Von Chacarera, Rassismus und Wanderdünen

 

Die Facebook-Gruppe „KoKo Tango“ scheint ihren Sitz wahrlich in Absurdistan zu haben. Nur so ist es erklärbar, dass ein Beitrag des Neu-Bloggers Klaus Wendel zum Thema „Chacarera“ bislang zu 77 Kommentaren führte, von denen viele mit dem argentinischen Folkloretanz genau nichts zu tun haben.

Nun muss ich gestehen: Was Wendel mit seinem tangofernen Exkurs wollte, ist mir auch nur schemenhaft klar. Schon deshalb hätte ich seinen Text sicher nicht kommentiert.

https://www.tangocompas.co/chacarera/

Es geht aber auch einfacher: Alt-Blogger Cassiel tut seine Meinung kund, obwohl er nach eigenem Eingeständnis den Beitrag noch gar nicht gelesen hat.

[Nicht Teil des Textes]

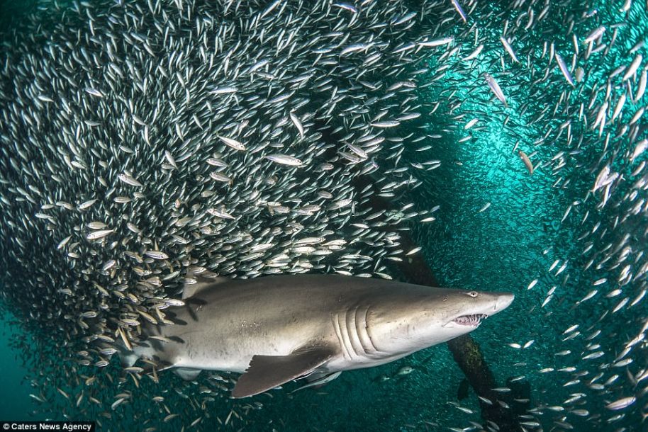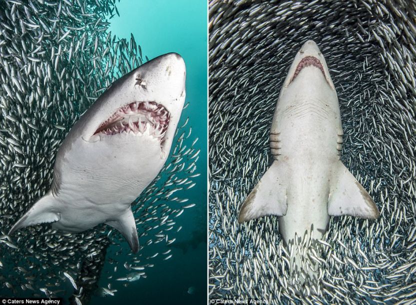 然而沙虎鲨淡定地穿过这些小鱼,颇有“万鱼丛中过 片鳞不沾身”的风骨。
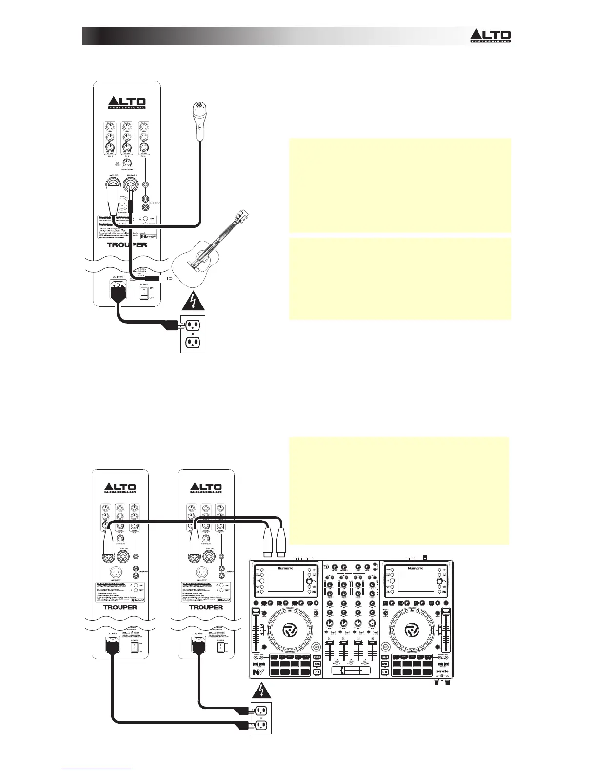 Voorbeeld 2: Enkele Trouper-luidspreker met stemmicrofoon en gitaar met actieve pickup:
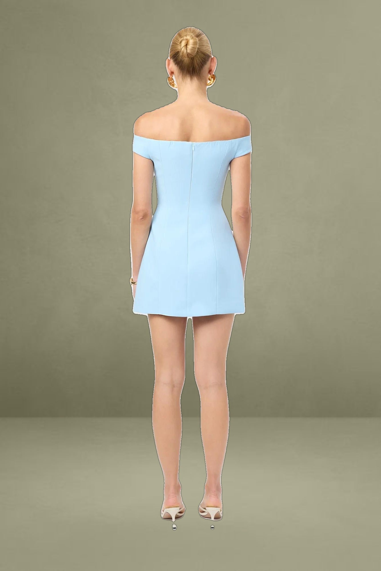 The Alto Off-Shoulder Dress is a modern take on classic elegance. This baby blue mini dress features a structured fit-and-flare silhouette, crafted from the luxurious Alto fabrication. The off-shoulder neckline adds a touch of femininity and sophistication.
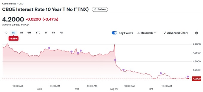 미 국채 10년물 차트, 자료=야후 파이낸스, 2025.08.05 koinwon@newspim.com |
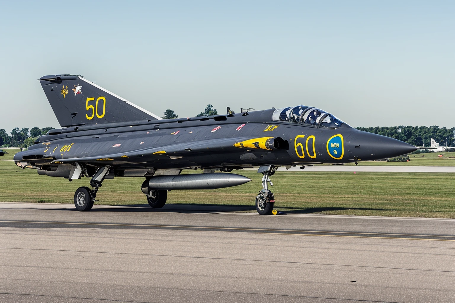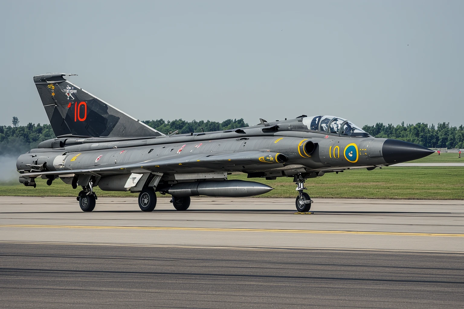 A prototype lora for a SAABs Draken, a military aircraft from the early to middle cold war period

Stattdessen gibt er Wendel zur Kenntnis: Es hat mich schon bei Deinen vorherigen Artikeln ein wenig gejuckt, das Stichwort ‚Kulturimperialismus‘  in die Diskussion einzuführen.“  Klar, solche Begriffe jucken einen stets und völlig anlassfrei…

Die Mutter der Themaverfehlungen aber war eine studierte Musikethnologin, die mal völlig unabhängig von deinem eigentlichen thema 'chacarera' eine vorsichtige anmerkung zu einigen formulierungen des textes machen“ wollte. Flugs attestierte sie Wendel „ethnische vorurteile“: Dass Völker generelle ethnische Eigenschaften hätten, sein „eine these, die zuletzt 1945 vertreten wurde“.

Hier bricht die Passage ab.